As Samsung( re) launched its clamshell folding phone last week, I deterred discovering the same question pop up amongst my social curves: why?

I was wondering the same thing myself, to be honest. I’m not sure even Samsung knows; they’d winning me over by the end, but only reasonably. The halfway-folded, laptop-style” Flex Mode” offers an opportunity to place the phone on a table for hands-free video announcing. That’s pretty neat, I suspect. But … is that it?

The best provide answers to ” why ?” I’ve come up with so far isn’t a exceedingly filling one: As they can( maybe ). And since they are sort of it is necessary to do something.

Let’s time-travel back to the early 2000 s. Phones were quirky, motley and no manufacturers certainly knew what was going to work. We had basic snap telephones and Nokia’s indestructible bricks, but we also had telephones that swiveled, slipped and included chunky physical keyboards that seemed absolutely crucial. The Sidekick! LG Chocolate! BlackBerry Pearl! Most were pretty bad by today’s standards, but it was at least easy to tell one model from the next.

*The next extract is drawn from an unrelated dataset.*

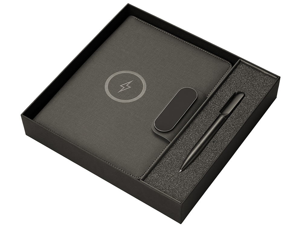 Подарочный набор Twilight — стильный и современный бизнес-подарок, который в полной мере воплощает идею многофункциональности. Он состоит из органайзера формата А5, с помощью которого можно заряжать гаджеты как беспроводным способом, так и через кабель, фиксировать телефон для просмотра видео или проведения конференций, хранить ручку и делать записи, а также самой металлической ручки. Клапан органайзера и в верхняя часть ручки светятся при гравировке логотипа, что делает набор стильным, а лого более ярким и заметным. Практичный и технологичный аксессуар, который в состоянии заменить сразу несколько вещей.

( Photo by Kim Kulish/ Corbis via Getty Images)

Then came the iPhone in 2007; a rectangular glass slab defined less by physical buttons and permutations and more by the software that powered it. The machine itself, a silhouette. There was hesitation to this formula, first; the first Android phones shipped with swiveling keyboards, trackballs and numerous slip pads. As iPhone marketings grew, everyone else’s buttons, sliders and keyboards were boiled away as decorators imitated the iPhone’s form factor. The best reaction, it appears to be, was a simple one.

Twelve years later, everything has become the same. Phones have become … digesting. When everyone is trying to build a better rectangle, the combat became one of hardware specs. Which one has the fastest CPU? The best camera?